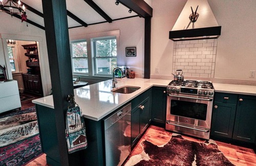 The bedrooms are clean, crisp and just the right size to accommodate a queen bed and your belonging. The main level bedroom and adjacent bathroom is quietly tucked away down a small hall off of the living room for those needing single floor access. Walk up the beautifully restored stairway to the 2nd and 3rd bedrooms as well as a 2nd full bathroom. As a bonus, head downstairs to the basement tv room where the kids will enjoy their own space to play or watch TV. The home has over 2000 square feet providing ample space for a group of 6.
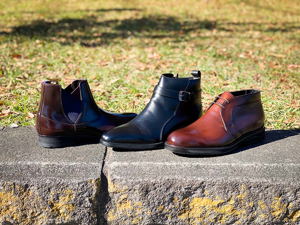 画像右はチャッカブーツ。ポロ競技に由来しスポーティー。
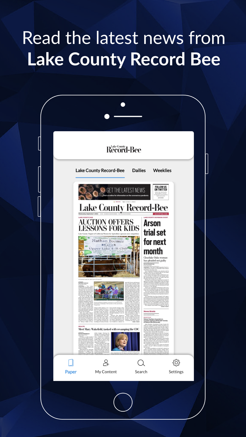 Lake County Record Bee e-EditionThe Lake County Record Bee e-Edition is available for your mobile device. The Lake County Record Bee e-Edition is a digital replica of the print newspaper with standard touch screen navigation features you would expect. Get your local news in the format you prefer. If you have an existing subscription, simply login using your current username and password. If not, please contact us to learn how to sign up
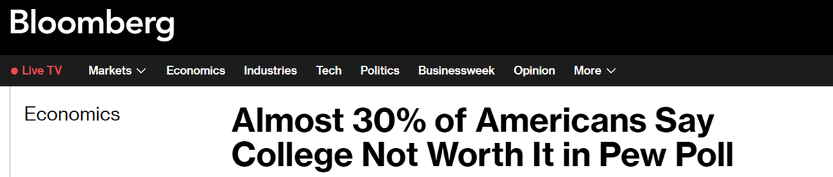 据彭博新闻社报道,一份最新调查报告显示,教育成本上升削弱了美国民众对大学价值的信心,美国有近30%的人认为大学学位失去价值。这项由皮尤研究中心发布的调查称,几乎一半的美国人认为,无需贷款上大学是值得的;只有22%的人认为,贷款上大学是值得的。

= = = = =

> PROBLEM
Every line of the material should be repeated precisely; pictures are to be excluded.

> RESULT OF THIS EXERCISE
 The bedrooms are clean, crisp and just the right size to accommodate a queen bed and your belonging. The main level bedroom and adjacent bathroom is quietly tucked away down a small hall off of the living room for those needing single floor access. Walk up the beautifully restored stairway to the 2nd and 3rd bedrooms as well as a 2nd full bathroom. As a bonus, head downstairs to the basement tv room where the kids will enjoy their own space to play or watch TV. The home has over 2000 square feet providing ample space for a group of 6.
 画像右はチャッカブーツ。ポロ競技に由来しスポーティー。
 Lake County Record Bee e-EditionThe Lake County Record Bee e-Edition is available for your mobile device. The Lake County Record Bee e-Edition is a digital replica of the print newspaper with standard touch screen navigation features you would expect. Get your local news in the format you prefer. If you have an existing subscription, simply login using your current username and password. If not, please contact us to learn how to sign up
 据彭博新闻社报道,一份最新调查报告显示,教育成本上升削弱了美国民众对大学价值的信心,美国有近30%的人认为大学学位失去价值。这项由皮尤研究中心发布的调查称,几乎一半的美国人认为,无需贷款上大学是值得的;只有22%的人认为,贷款上大学是值得的。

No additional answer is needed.